New 3000 Rice Genomes AWS Public Dataset – Easy Access on DNAnexus Platform

shutterstock_110850977In June we announced that DNAnexus was powering the 3000 Rice Genomes Project (3K RGP).  You can read the press release here and blog here.   The project, a partnership between the Chinese Academy of Agricultural Sciences (CAAS), the International Rice Research Institute (IRRI), and BGI in China along with their numerous collaborators globally, are attempting to help feed the world’s growing population.  Rice is a diet staple for half of the world’s human population.  It is estimated that the production of rice must increase by at least 25% by 2030 in order to keep up with global population growth and demand.

3K RGP partnered with DNAnexus to develop the bioinformatics pipeline to analyze the sequence data of 3,000 different rice varieties against five published draft genomes. Performing the analysis on the DNAnexus Platform allowed them to leverage the scalable computing capability at AWS to process more than 100 TB of source genomic data across 37,000 concurrent compute cores in just two days — more than 200 times faster than would have been possible on local computing infrastructure. Located across the globe in 10 countries, the 3K RGP investigators were able to access results and collaborate in real time. The result has been the identification of hundreds of new genetic markers, each a potential pathway to improving outcomes for rice production.

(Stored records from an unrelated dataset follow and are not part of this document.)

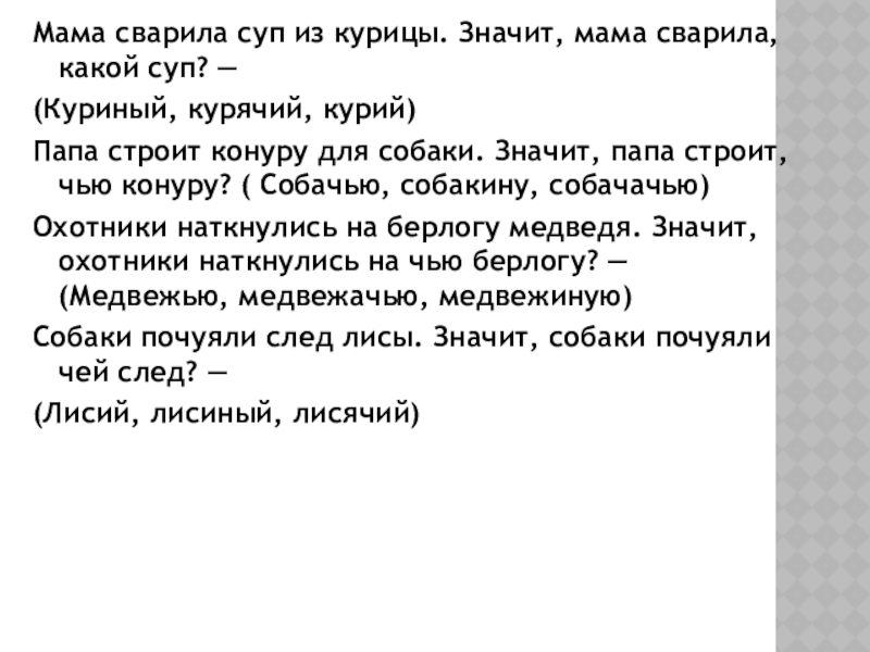 Слайд 33Мама сварила суп из курицы. Значит, мама сварила, какой суп? —
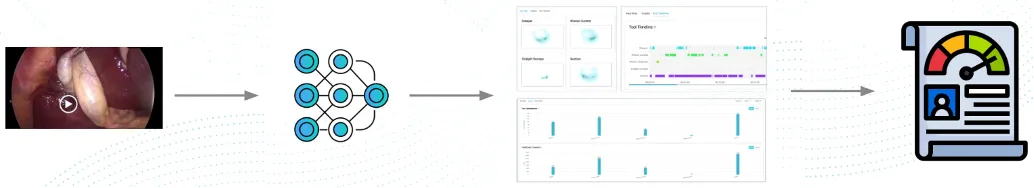 By repurposing some of our current ML models, like surgical tool detection and phase segmentation, SDSC designed the task assessment pipeline to evaluate questions regarding surgical performance. Given a surgical video input, the pipeline extracts frame-based features (such as tool detection, frame features, and tissue segmentation) and temporal features (such as full video temporal analysis, clip-based features, and optical flow). These extractors are then analyzed by a router, which determines the appropriate “expert” models to evaluate the task at hand.
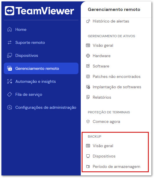 O TeamViewer Backup pode ser acessado no TeamViewer Remote ou por meio do web app na guia Gerenciamento remoto.
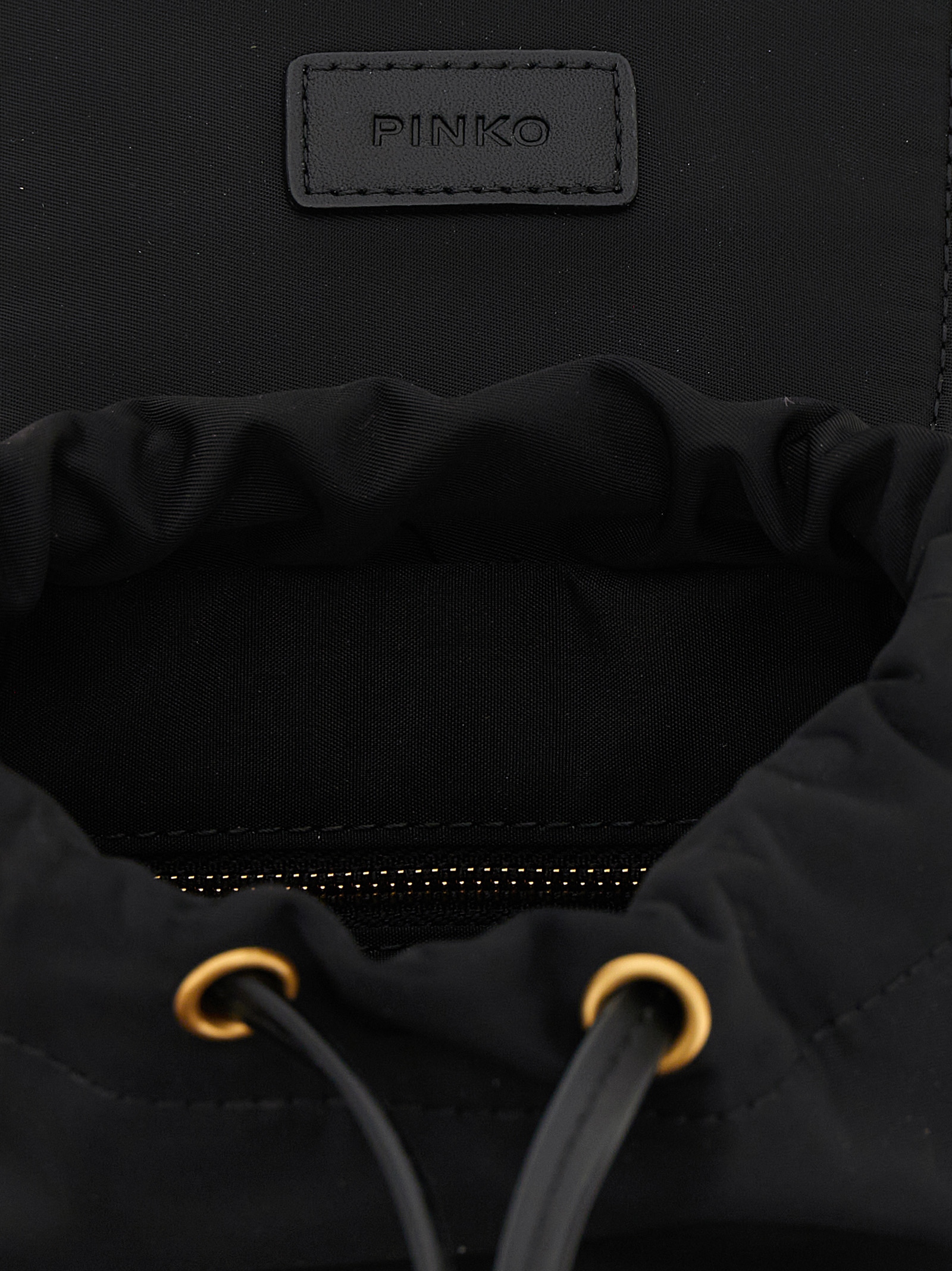 Nylon mini backpack, flap closure with leather-effect fabric strap with metal details and front ‘Love Birds Diamond Cut’ logo, inner drawstring, two front pockets, fixed top handle, adjustable ribbon shoulder straps, cotton drill lining.
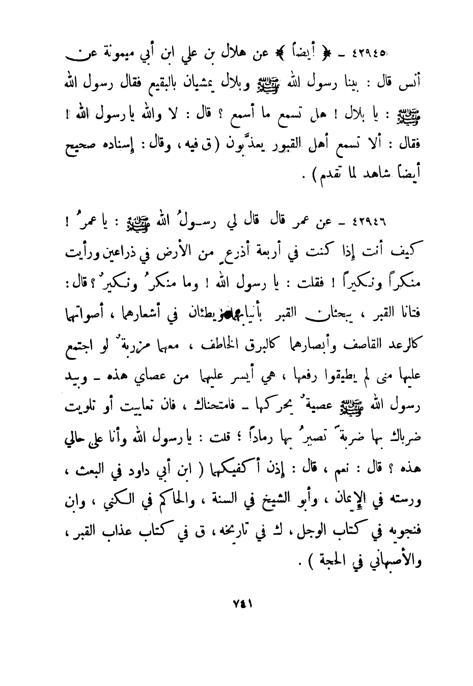 42946- عن عمر قال قال لي رسول الله صلى الله عليه وسلم: يا عمر! كيف أنت إذا كنت في أربعة أذرع من الأرض في ذراعين ورأيت منكرا ونكيرا! فقلت: يا رسول الله! وما منكر ونكير؟ قال: فتانا القبر، يبحثان القبر بأنيابهما ويطئان في أشعارهما، أصواتهما كالرعد القاصف وأبصارهما كالبرق الخاطف، معهما مزربة لو اجتمع عليها منى لم يطيقوا رفعها، هي أيسر عليهما من عصاي هذه - وبيد رسول الله صلى الله عليه وسلم عصية يحركها - ف امتحناك، فإن تعاييت أو تلويت ضرباك بها ضربة تصير بها رمادا؛ قلت: يا رسول الله وأنا على حالي هذه؟ قال: نعم، قال: إذن أكفيكهما."ابن أبي داود في البعث، ورسته في الإيمان، وأبو الشيخ في السنة، والحاكم في الكنى، وابن زنجويه في كتاب الوجل، م في تاريخه، ق في كتاب عذاب القبر، والأصبهاني في الحجة".
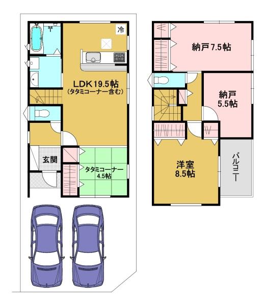 階数 区分 広さ 1F LDK 19.5帖 2F 洋 8.5帖 2F S 7.5帖 2F S 5.5帖 - 駐車場
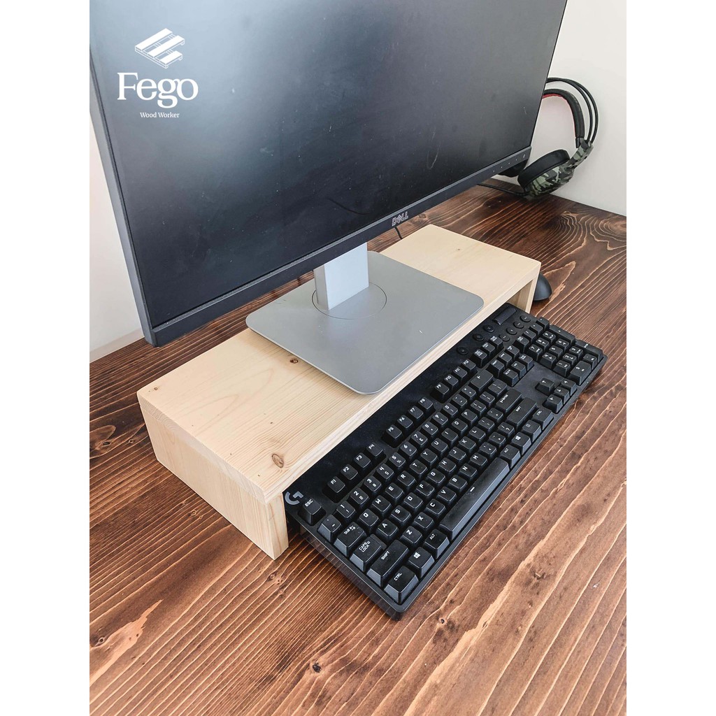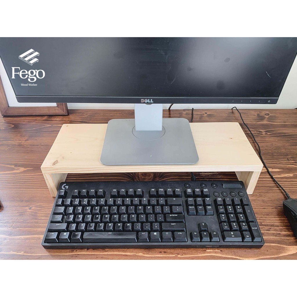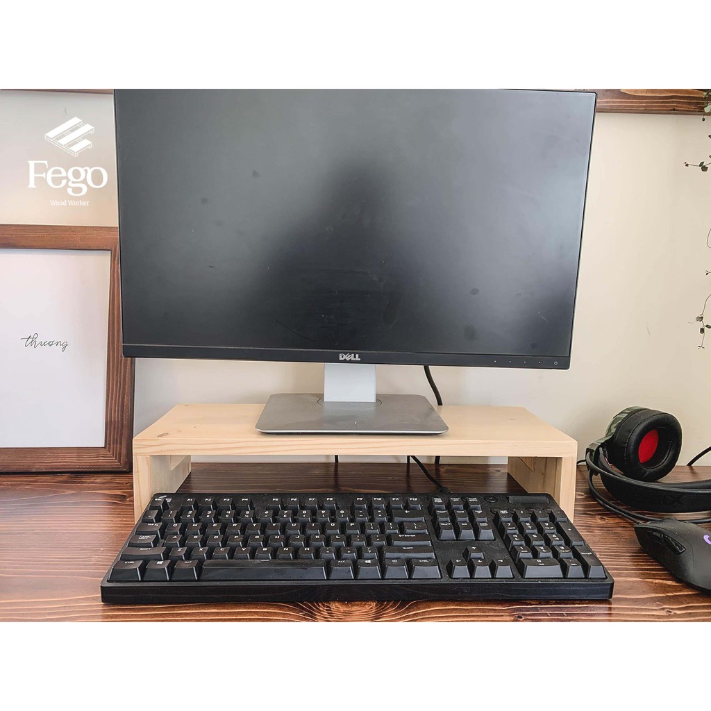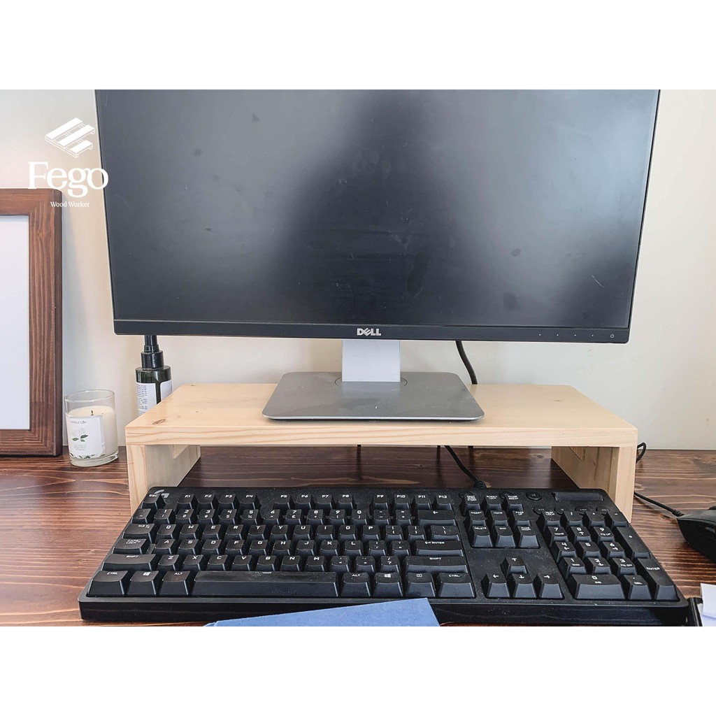 Kệ gỗ thông để màn hình của FEGO sẽ xoá bỏ mọi sự khó chịu của bạn trong vòng 30 giây. Kệ màn hình Monitor Stand giúp nâng độ cao của màn hình lên để khi làm việc bạn luôn ngồi thẳng theo đúng tỷ lệ an toàn cho cột sống; ngoài ra nó còn là nơi để cất các Keyboard và Mouse khi bạn cần không gian để viết, vẽ, thiết kế và làm việc khác,..
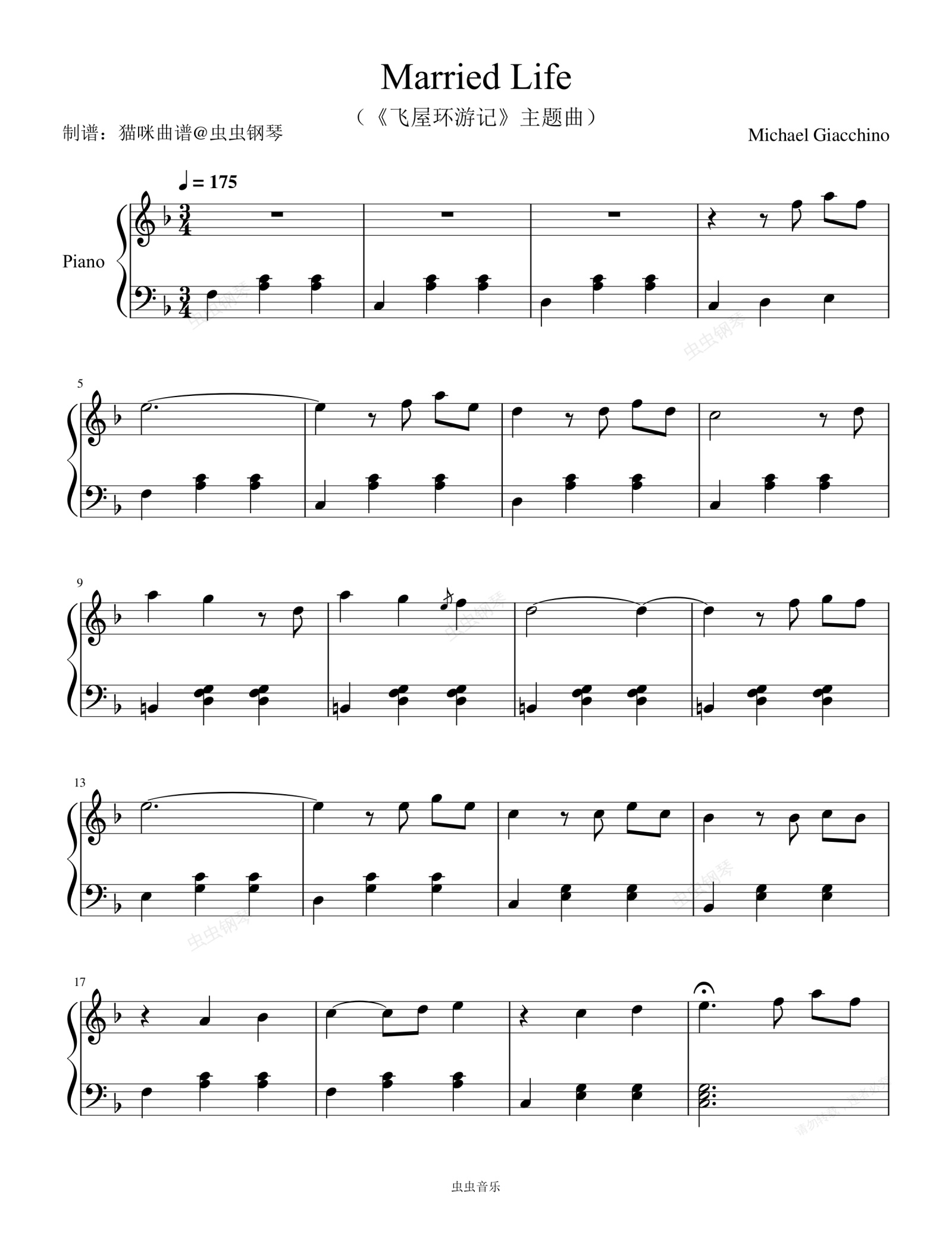 钢琴谱:Married Life - 《飞屋环游记》主题曲
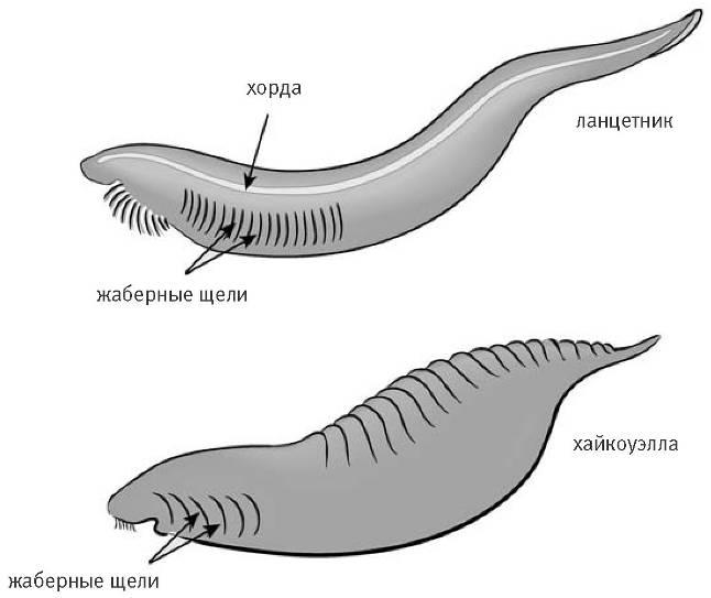 Ближайшие родственники животных, наделенных головами, – ланцетники. На рисунке показан ланцетник и реконструкция ископаемой хордовой хайкоуэллы (Haikouella), жившей около 530 миллионов лет назад. У обоих этих существ есть хорда, спинной нервный тяж и жаберные щели. Хайкоуэлла известка по трем с лишним сотням экземпляров, добытых палеонтологами на юге Китая.
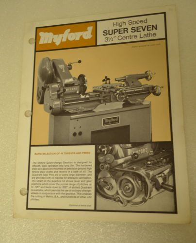 MYFORD HIGH SPEED SUPER 7 SEVEN 3 1/2" CENTER LATHE Catalog 1967 (JRW#011)
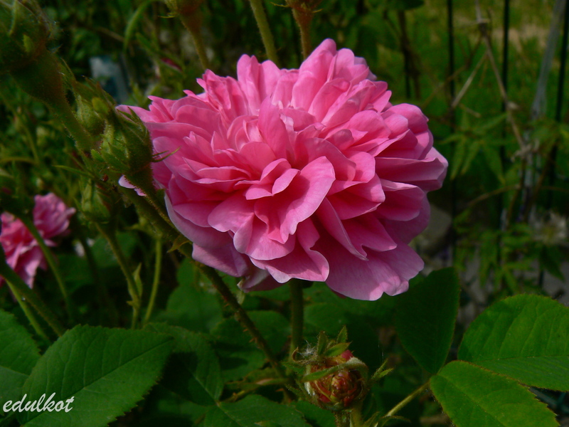Kwiaty: pełne, rozetowe, średnie 8 cm, różowe, w pełnym rozkwicie widać żółty środek, kwitnie raz;
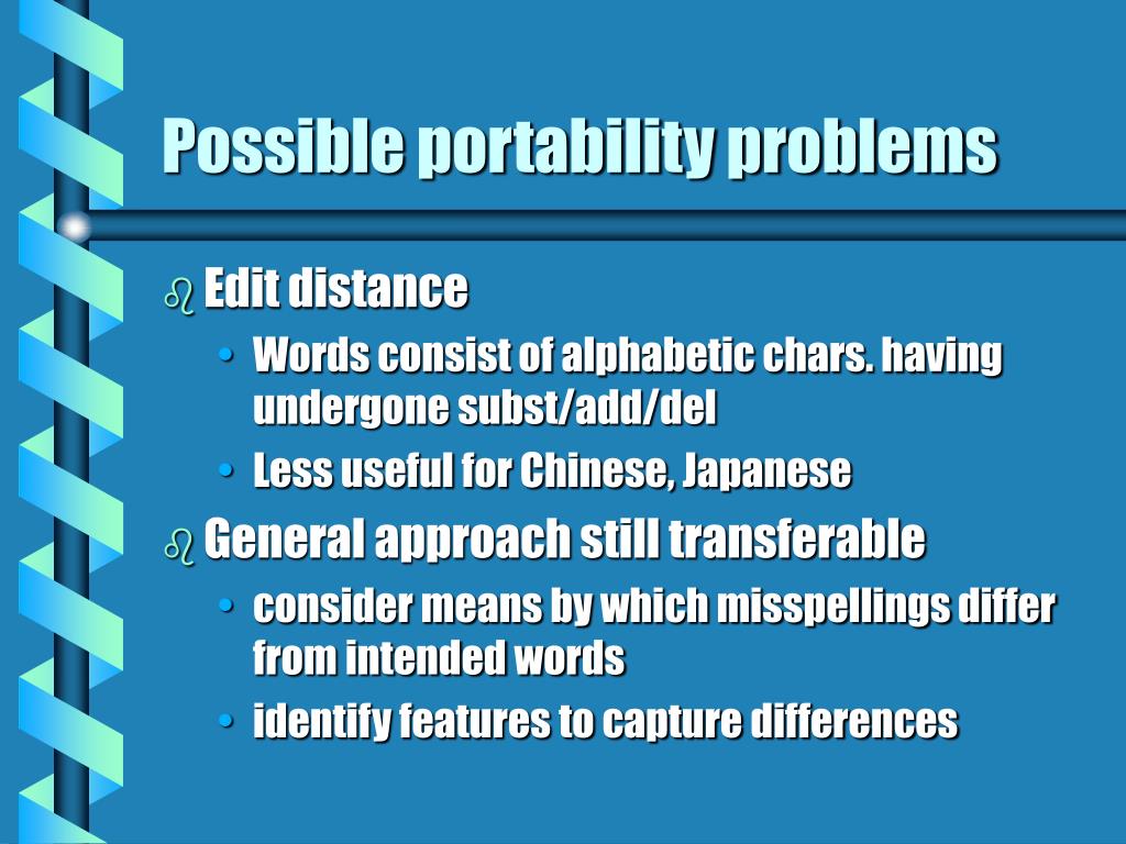 Possible portability problems • Edit distance • Words consist of alphabetic chars. having undergone subst/add/del • Less useful for Chinese, Japanese • General approach still transferable • consider means by which misspellings differ from intended words • identify features to capture differences

Today we are happy to share with you that AWS has made available the genomic analysis data of 3,000 rice varieties as an AWS Public Dataset. The data contains over 30 million genetic variations spanning across all known and predicted rice genes. By making this dataset public, AWS hopes to accelerate research efforts and breeding programs. Knowing the genetic makeup of a rice variety will allow researchers to identify critical genetic markers related to specific phenotypic traits. With this information breeders will be able to make more intelligent choices in variety selection for cross breeding, resulting in more rapid development of rice varieties of higher nutritional content, or improved climate stress tolerance and disease resistance.

DNAnexus has made it easy to access Amazon public resources on the platform. Documentation for accessing the AWS 3K RGP public dataset can be found in the DNAnexus wiki. In addition, the 3K RGP analytical tools and pipelines used to produce the results are available on the DNAnexus Platform listed as a featured project: ‘3000 Rice Genomes’.